### WHAT IS NEEDED
Go to the line with "انتقال پایداراین سیستم" in the records below, then output it and each following line exactly, up to and including the line with "전라남도 주관으로 시군". Skip pictures and add nothing.

### ENTRIES PROVIDED
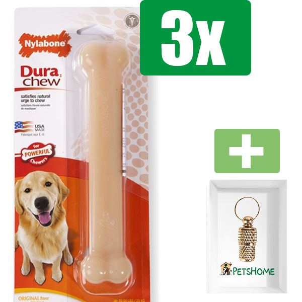 Nylabone Dura Chew Original Voor Harde Bijters – TOT 23 KG  – Kauwbot – Hondenspeelgoed – Kauwspeelgoed – 3 stuks – Inclusief Goudkleurige PetsHome Adreskoker
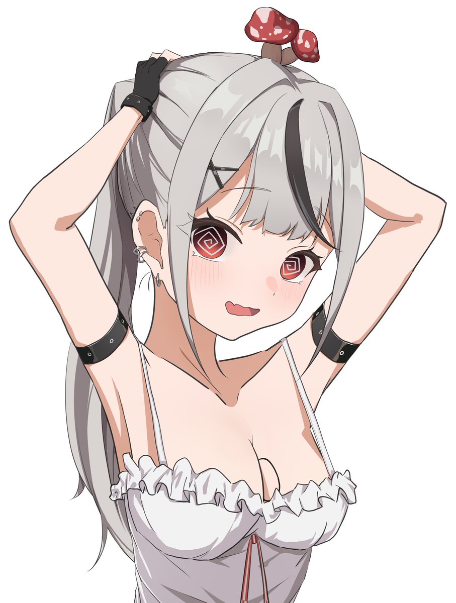 ポニテクロヱちゃんの髪結いをパシャリ!📸(1枚目) …………🍄ピョコッ。。。!?(2枚目) #さかまた飼育日記 #ホロライブ #沙花叉のきのこ
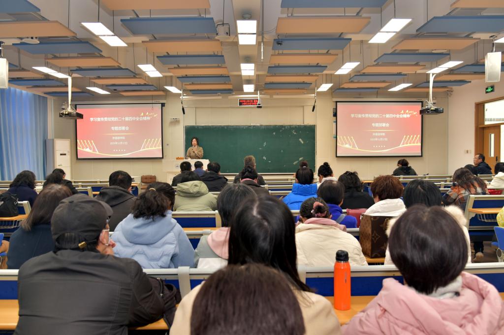11月17日下午,外国语学院在B201教室召开全院教职工大会,专题部署学习宣传贯彻党的二十届四中全会精神。
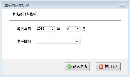 生成績(jī)效考核單:點(diǎn)擊“生成考核單”按鈕,可以彈出生成績(jī)效考核單窗口,在此窗口可以選擇年度、月份及相應(yīng)的生產(chǎn)班組,然后點(diǎn)擊“確認(rèn)生成”按鈕即可生成相應(yīng)的績(jī)效考核單,如圖所示:
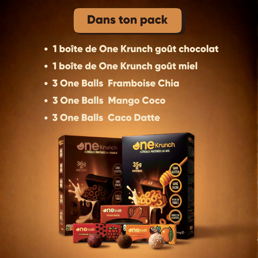 Le pack découverte c'est un mix idéal de toute la gamme de produits One Food à petit prix.
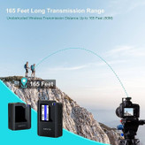 انتقال پایداراین سیستم میکروفون بی سیم از باند فرکانس بین المللی 2.4G استفاده می کند و از انتقال بی سیم تا 50 متر (160 فوت) پشتیبانی می کند. فرستنده و گیرنده بی سیم را می توان به طور خودکار در هنگام روشن بودن، بدون نیاز به نصب یا بلوتوث با یکدیگر مطابقت داد. انتقال صوتی سریعتر کاهش تأخیر به کمتر از 20 میلی ثانیه، انتقال با کیفیت بالا و سریع را فعال می کند. Plug and play، راه حل های صوتی با کیفیت بالا را برای مشکلات ضبط گوشی هوشمند و دوربین ارائه می دهد.
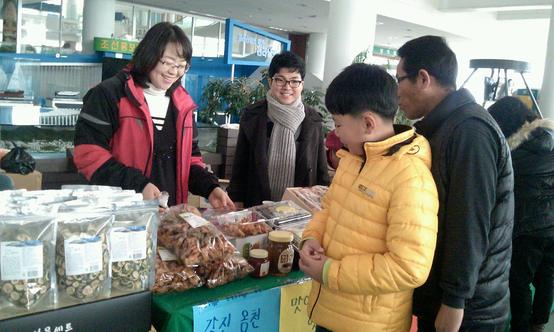 전라남도 주관으로 시군 정보화마을 설맞이 특판행사가 지난달 29일부터 31일까지 3일간 도청 윤선도홀에서 농어촌 특산품을 저렴한 가격에 판매하는 행사가 펼쳐져 사람이 몰리면서 성황을 이뤘다.   이번 행사에 참여한 작천황금닭 정보화마을과 옴천 정보화마을은 마을주민들이 직접 생산해 재배한 옴천 토하젓과 신선한 작천 황금계란, 여주차 등 산지에서 ..
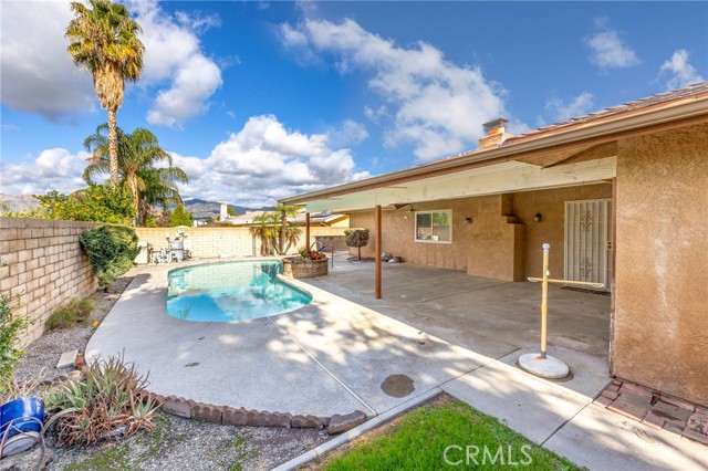 A Home for All Seasons! This inviting property offers four spacious bedrooms and two bathrooms, along with a large living room and a comfortable family room featuring a classic brick fireplace. The kitchen is generously sized, offering abundant counter space and storage, and flows seamlessly into the dining area with plenty of room for a china cabinet or hutch. French doors enhance both the family room and the primary bedroom, providing natural light and easy access to the outdoors. Step into the backyard to enjoy a large covered patio, sparkling pool, and relaxing spa—perfect for entertaining year-round. Additional highlights include RV access. With a little updating, this home presents an excellent opportunity and a smart investment.
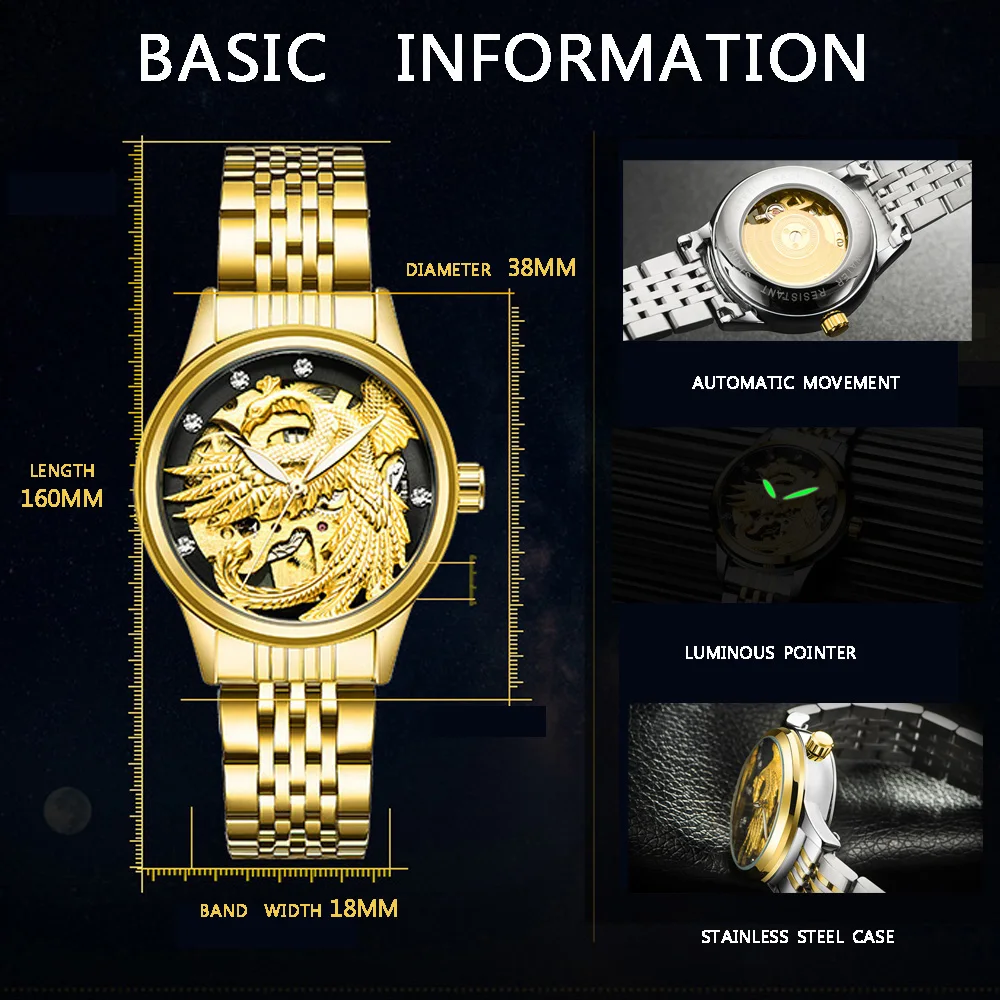 Women Watches Skeleton Phoenix Mechanical Watch Ladies wristwatches Automatic Winding Waterproof TE

### ANSWER BOX
 انتقال پایداراین سیستم میکروفون بی سیم از باند فرکانس بین المللی 2.4G استفاده می کند و از انتقال بی سیم تا 50 متر (160 فوت) پشتیبانی می کند. فرستنده و گیرنده بی سیم را می توان به طور خودکار در هنگام روشن بودن، بدون نیاز به نصب یا بلوتوث با یکدیگر مطابقت داد. انتقال صوتی سریعتر کاهش تأخیر به کمتر از 20 میلی ثانیه، انتقال با کیفیت بالا و سریع را فعال می کند. Plug and play، راه حل های صوتی با کیفیت بالا را برای مشکلات ضبط گوشی هوشمند و دوربین ارائه می دهد.
 전라남도 주관으로 시군 정보화마을 설맞이 특판행사가 지난달 29일부터 31일까지 3일간 도청 윤선도홀에서 농어촌 특산품을 저렴한 가격에 판매하는 행사가 펼쳐져 사람이 몰리면서 성황을 이뤘다.   이번 행사에 참여한 작천황금닭 정보화마을과 옴천 정보화마을은 마을주민들이 직접 생산해 재배한 옴천 토하젓과 신선한 작천 황금계란, 여주차 등 산지에서 ..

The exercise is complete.